• _Exercise_: A line below contains "El Centro cultural", and a later one contains "Red Multicolor Diamond". Repeat both, with every line between them, exactly.

• _Supplied entries_:

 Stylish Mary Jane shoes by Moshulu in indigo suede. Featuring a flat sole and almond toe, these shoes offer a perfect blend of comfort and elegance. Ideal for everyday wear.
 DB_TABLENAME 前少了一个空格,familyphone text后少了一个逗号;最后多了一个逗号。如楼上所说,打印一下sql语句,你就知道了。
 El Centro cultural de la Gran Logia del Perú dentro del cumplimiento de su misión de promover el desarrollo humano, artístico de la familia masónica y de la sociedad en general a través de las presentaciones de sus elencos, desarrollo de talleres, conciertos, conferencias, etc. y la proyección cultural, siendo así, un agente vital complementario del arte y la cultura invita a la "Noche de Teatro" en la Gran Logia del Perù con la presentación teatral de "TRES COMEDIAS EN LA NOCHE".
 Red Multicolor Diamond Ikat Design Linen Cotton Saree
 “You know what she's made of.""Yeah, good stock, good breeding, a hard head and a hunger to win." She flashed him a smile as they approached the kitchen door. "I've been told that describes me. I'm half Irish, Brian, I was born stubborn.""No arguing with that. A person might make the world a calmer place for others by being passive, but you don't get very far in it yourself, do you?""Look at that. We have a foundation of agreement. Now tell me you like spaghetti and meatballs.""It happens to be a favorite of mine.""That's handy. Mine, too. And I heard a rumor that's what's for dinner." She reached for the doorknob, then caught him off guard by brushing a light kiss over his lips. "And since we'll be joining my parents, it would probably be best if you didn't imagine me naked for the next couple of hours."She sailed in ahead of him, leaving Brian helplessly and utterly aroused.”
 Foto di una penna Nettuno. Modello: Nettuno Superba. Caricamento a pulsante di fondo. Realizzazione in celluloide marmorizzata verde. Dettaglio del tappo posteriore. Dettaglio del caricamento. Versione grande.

...

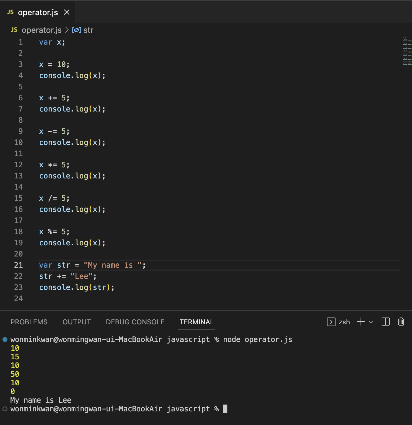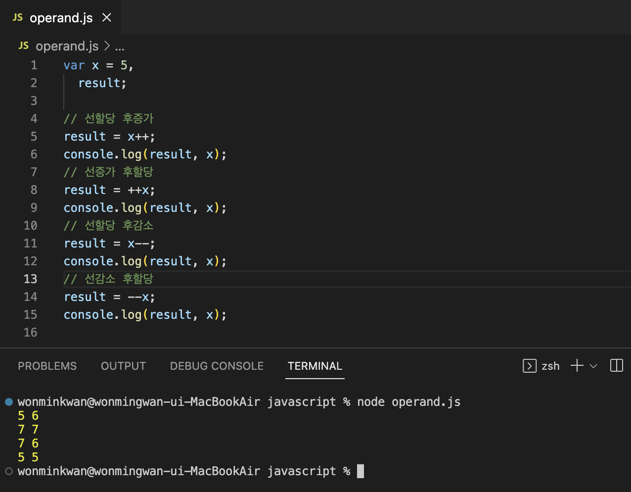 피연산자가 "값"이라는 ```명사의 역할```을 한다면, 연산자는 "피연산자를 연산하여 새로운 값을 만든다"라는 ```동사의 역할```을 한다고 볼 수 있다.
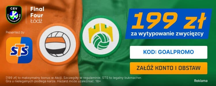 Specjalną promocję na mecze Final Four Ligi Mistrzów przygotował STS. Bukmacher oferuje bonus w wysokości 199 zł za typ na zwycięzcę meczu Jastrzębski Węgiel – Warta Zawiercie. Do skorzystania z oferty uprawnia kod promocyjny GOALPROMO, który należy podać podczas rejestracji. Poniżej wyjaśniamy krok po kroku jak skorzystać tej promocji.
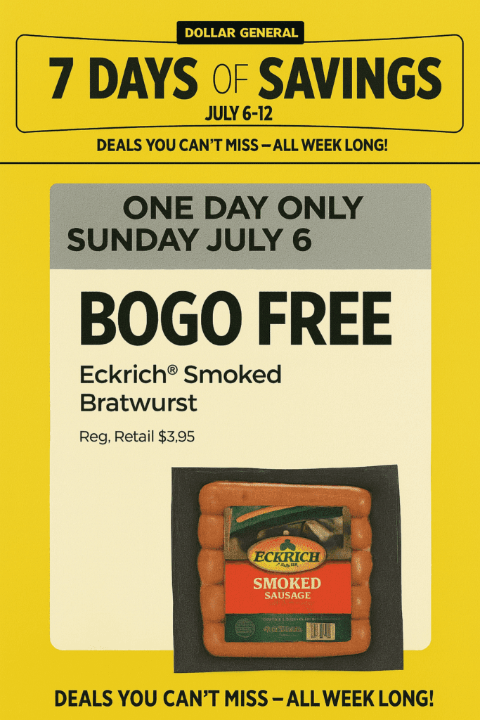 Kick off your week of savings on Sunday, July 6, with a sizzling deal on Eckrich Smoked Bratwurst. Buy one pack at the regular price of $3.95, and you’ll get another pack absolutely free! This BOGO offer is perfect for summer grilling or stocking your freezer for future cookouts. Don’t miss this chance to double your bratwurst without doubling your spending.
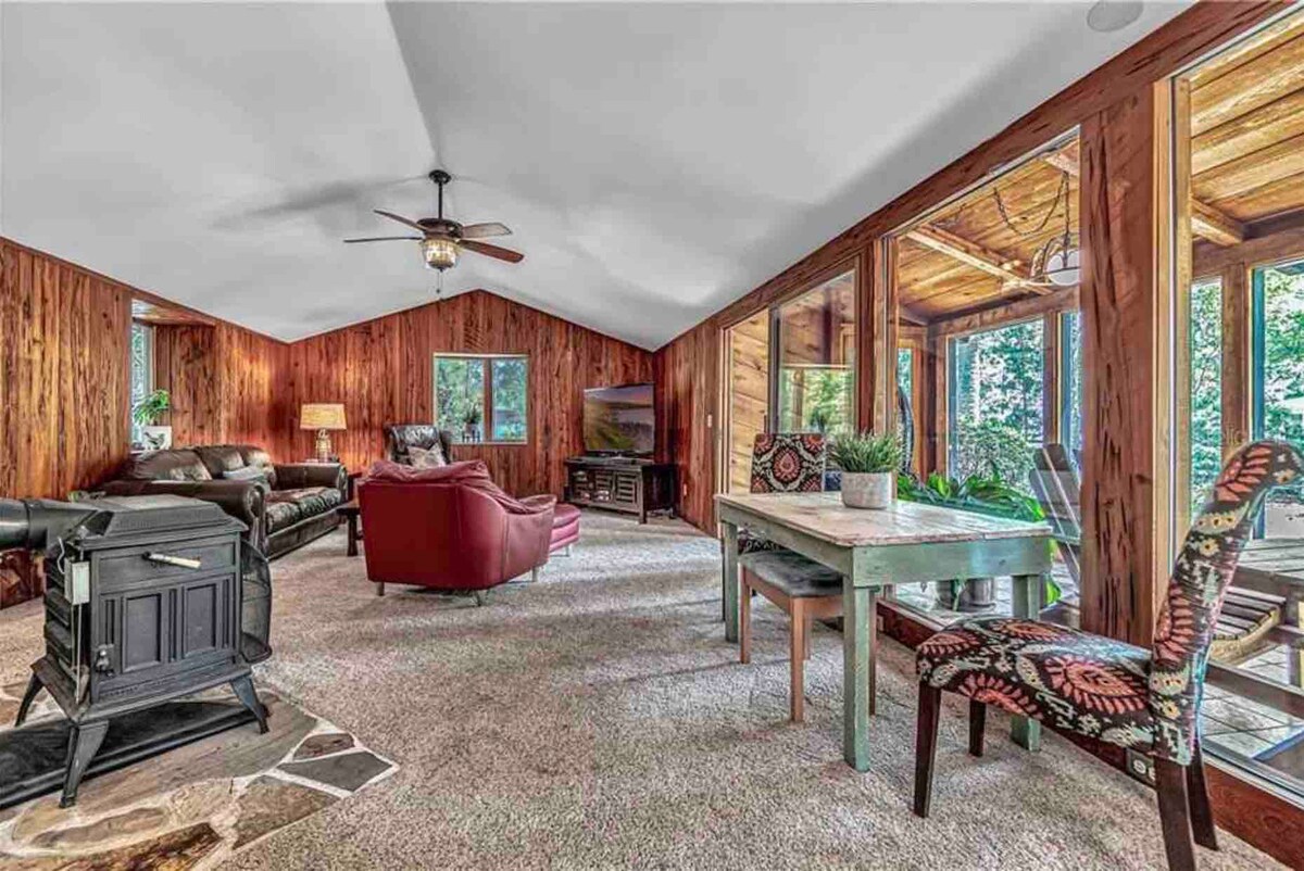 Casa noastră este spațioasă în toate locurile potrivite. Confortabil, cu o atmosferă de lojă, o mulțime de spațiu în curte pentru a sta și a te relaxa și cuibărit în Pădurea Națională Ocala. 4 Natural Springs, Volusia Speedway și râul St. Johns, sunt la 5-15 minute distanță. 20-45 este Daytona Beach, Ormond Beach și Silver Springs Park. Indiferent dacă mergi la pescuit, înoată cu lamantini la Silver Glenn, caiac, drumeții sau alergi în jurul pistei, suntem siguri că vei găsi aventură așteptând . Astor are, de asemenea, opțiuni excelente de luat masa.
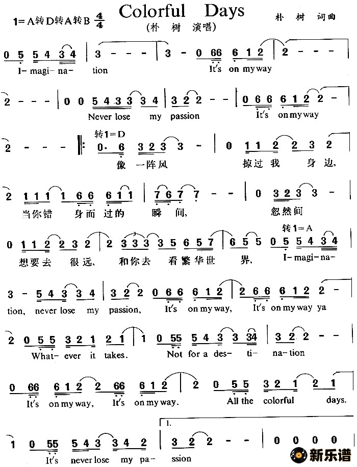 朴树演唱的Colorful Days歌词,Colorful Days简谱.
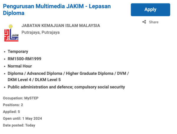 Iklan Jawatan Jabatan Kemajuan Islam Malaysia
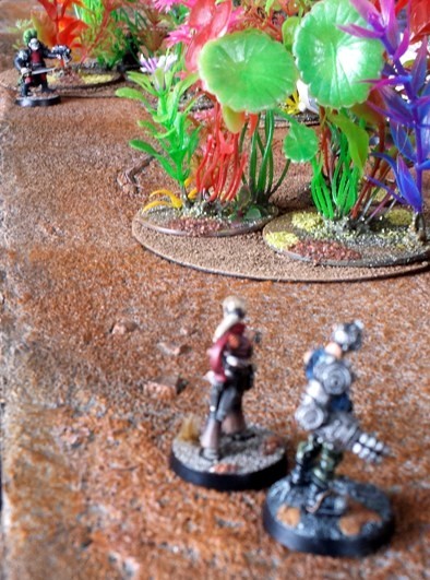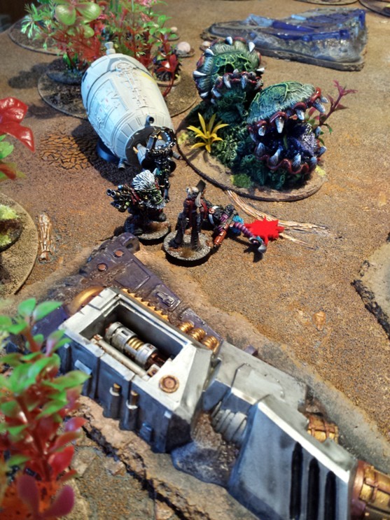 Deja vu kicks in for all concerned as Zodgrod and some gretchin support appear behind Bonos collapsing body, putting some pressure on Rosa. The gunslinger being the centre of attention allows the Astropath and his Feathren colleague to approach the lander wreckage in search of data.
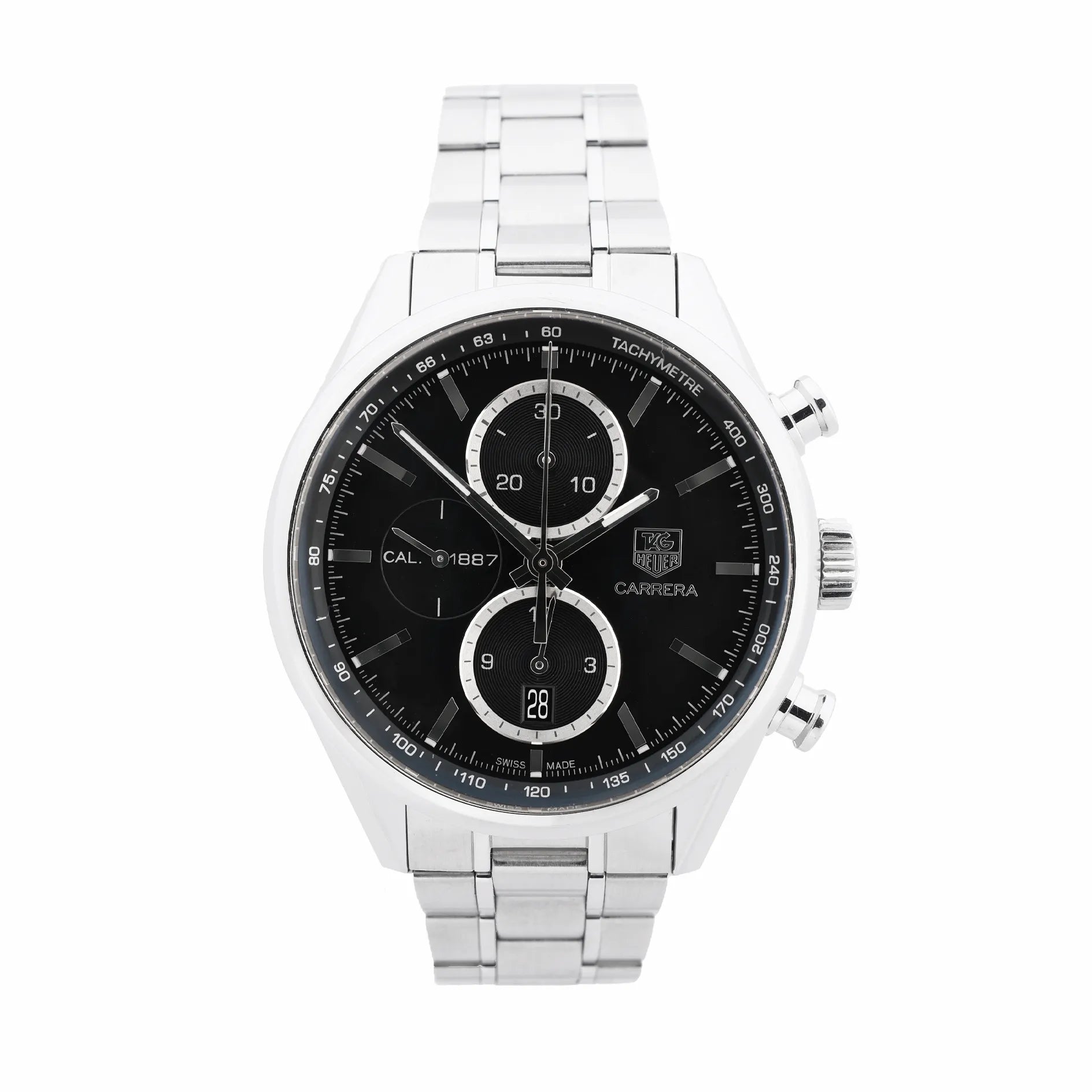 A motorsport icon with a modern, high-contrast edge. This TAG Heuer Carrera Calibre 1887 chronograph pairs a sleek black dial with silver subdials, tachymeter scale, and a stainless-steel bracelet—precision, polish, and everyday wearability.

• _Answer for the task_:
 El Centro cultural de la Gran Logia del Perú dentro del cumplimiento de su misión de promover el desarrollo humano, artístico de la familia masónica y de la sociedad en general a través de las presentaciones de sus elencos, desarrollo de talleres, conciertos, conferencias, etc. y la proyección cultural, siendo así, un agente vital complementario del arte y la cultura invita a la "Noche de Teatro" en la Gran Logia del Perù con la presentación teatral de "TRES COMEDIAS EN LA NOCHE".
 Red Multicolor Diamond Ikat Design Linen Cotton Saree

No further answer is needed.